For anyone unfamiliar, “born again” is a term used in Christian faith to describe a spiritual rebirth—a moment when someone accepts Jesus as Savior and is, as Scripture says, made a new creation. Spiritually dead, now alive. Born of water, now born of spirit.
That moment happened for me in 1987. It wasn’t dramatic. No lights in the sky. No audible voice from God. But it was true. I was confronted by my past, and presented with a future radically different from it. I made a decision. And although I didn’t feel overly emotional, something in me knew it was right. Afterward, I may have looked the same, but I wasn’t the same. I had a new life. A new purpose. A “before and after” moment I could point to.
But in the 16 years that followed, life became linear. Predictable. Eventful at times, even hard—but not transformative. Things changed, but I didn’t. I had quietly lost the expectation that I’d ever wake up one day and say, “I’m different now.”
Then came December 3rd, 2003.
It took a few weeks to hit, but when it did, I shattered. Like a pane of glass.
For the first time since 1987, I felt hollow—just a shell. But strangely, not for long. Soon, I began to think, feel, and see differently. It was as if I were living inside someone else. That familiar feeling returned: I’m not the same anymore.
In the middle of tears and questions, I found myself quietly repeating:"How did I get here?"
And yet—here I am. No escaping it. And truthfully, nearly six months later, I’m starting to lean into it. I’m not trying to outrun grief anymore; I’m learning to live with it. To live through it. I’m beginning to understand what it means to dwell in the shadow of death—and still walk forward.

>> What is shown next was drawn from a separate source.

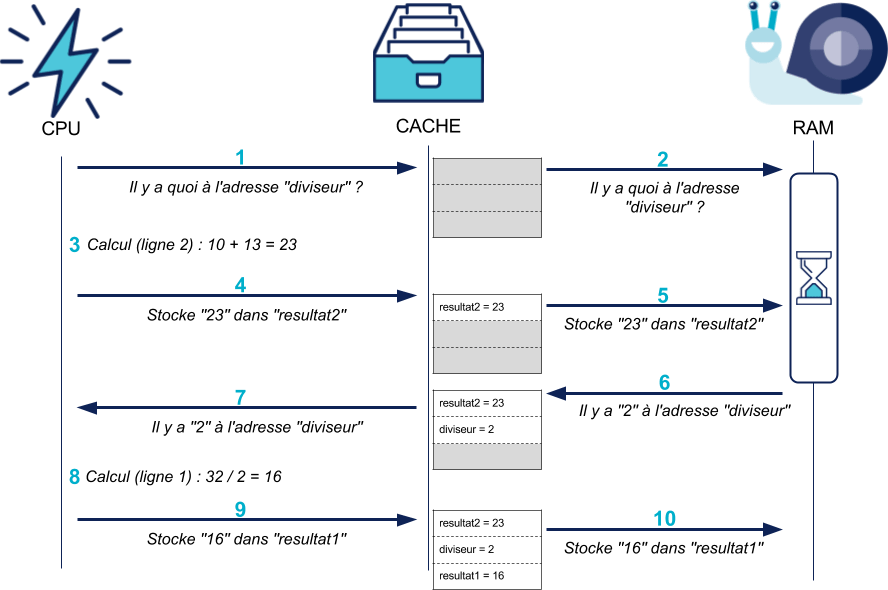 En pratique, quand le CPU a besoin d'une valeur en mémoire, il la demande au cache, qui la demande à la RAM.

My dad taught me a lot of things—most of them without even knowing it. One of the most valuable was this: walk on. Keep moving, even through heartbreak. Keep going because there’s more beyond the pain. He lived that lesson out in ways I’m still trying to grasp. His quiet strength and devotion to our family remain one of the most powerful forces shaping who I am.

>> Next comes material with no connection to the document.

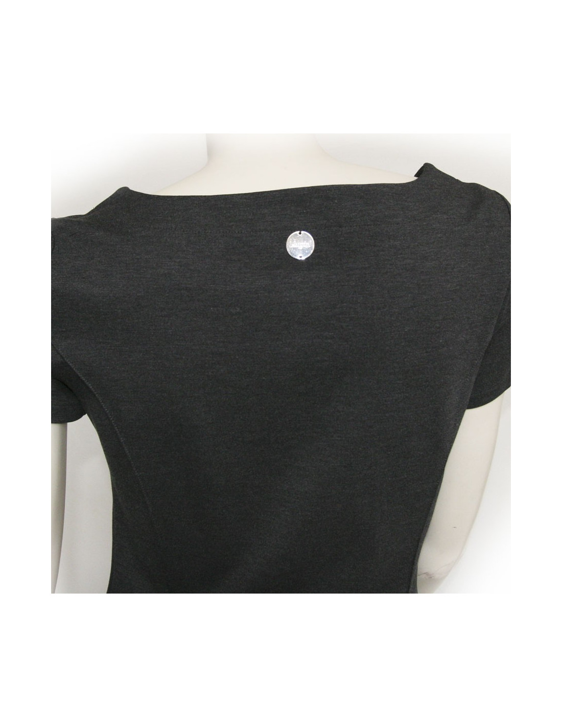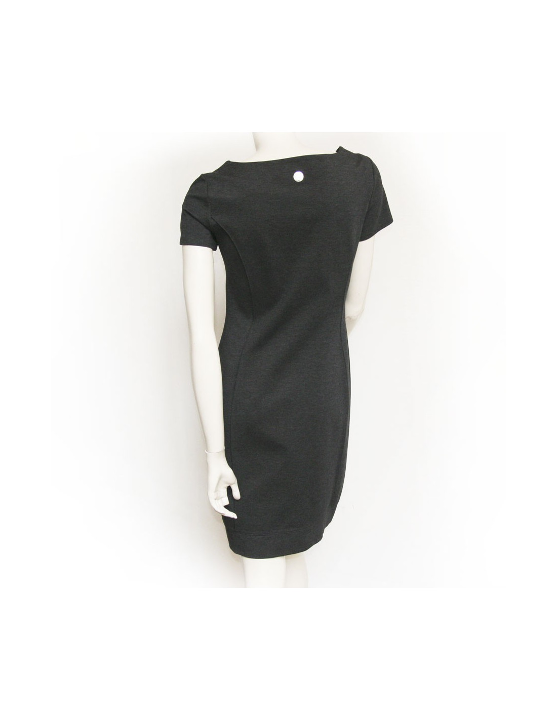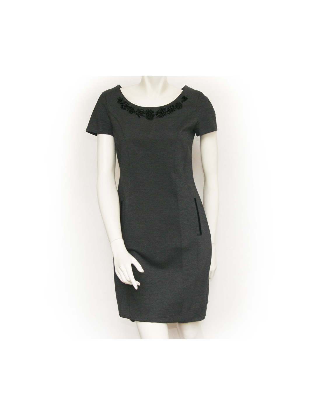 Dress grey stretch Blugirl of Bluemarine T38. It is worn close to the body. Round neck. Effect collar at the level of the collar with embroidered black pearls. Two pockets with a liseret in black velvet. In very good condition.

I’m not the same since he died. I don’t pretend to be. When he passed, a part of me went with him. That’s a cliché, but it’s true. Maybe it’s also part of the price we pay for loving someone well. We give them parts of ourselves—and when they leave, they take those parts with them. But maybe that’s the very evidence that we loved rightly.
This letter is my way of saying: I’m beginning to walk forward.

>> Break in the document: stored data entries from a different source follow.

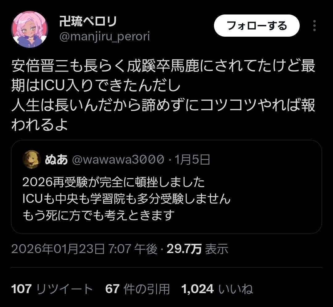 受験生「ICU諦めます死にます」 (ヽ´ん`)「成蹊卒安倍晋三も最期ICU入りしたから諦るな」→ケンモメンが袋叩きに遭ってしまう
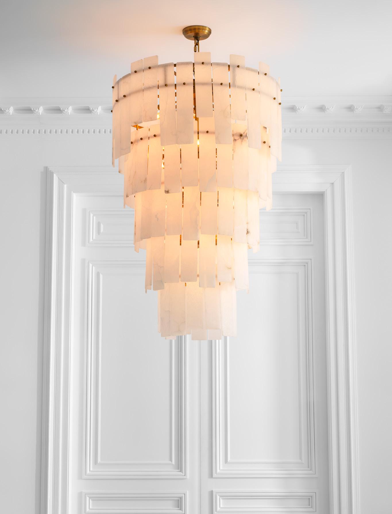 EACH CHANDELIER BRINGS ITS OWN JE NE SAIS QUOI, OFFERING A UNIQUE GLOW THAT DEFINES THE MOOD OF THE ROOM. ALABASTER SHADES GENTLY DIFFUSE THE LIGHT, CASTING A WARM, INVITING AMBIANCE — PERFECT FOR INTIMATE DINNERS OR ELEGANT LIVING SPACES.
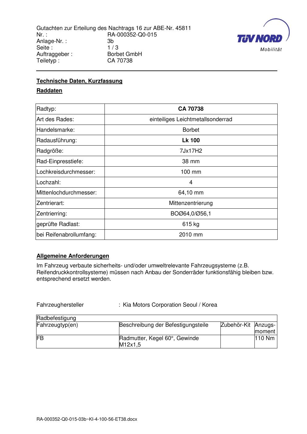 Dieses Gutachten (abe) bezieht sich auf die Alufelge Borbet CA 70738 in der Ausführung 7Jx17 ET 0, Mittenloch 0 mm (KBA 45811). Im PDF findest du typischerweise zulässige Reifengrößen, Auflagen/Anbauhinweise und – je nach Dokument – Hinweise zur Eintragung.

I’m learning that to say goodbye isn’t just letting go of someone—it’s letting go of what was, while still holding onto who they are. It means saying farewell to the physical presence… and growing into the legacy they left behind.
No, this may not be the beautiful life I once imagined—but it’s the life I’ve been given. And I would dishonor both the gift and the giver—my Father above and my father here—if I did anything but walk on.
So I will.
I hope it matters to him, wherever he is. I hope it bears witness to the life of a man who lived simply… but extraordinarily.
I am my father’s son. And I will walk on.
I love you, Dad.
(And yes—for the record—that beautiful woman at my front door is my wife. Thank God that hasn’t changed. Hot dog!)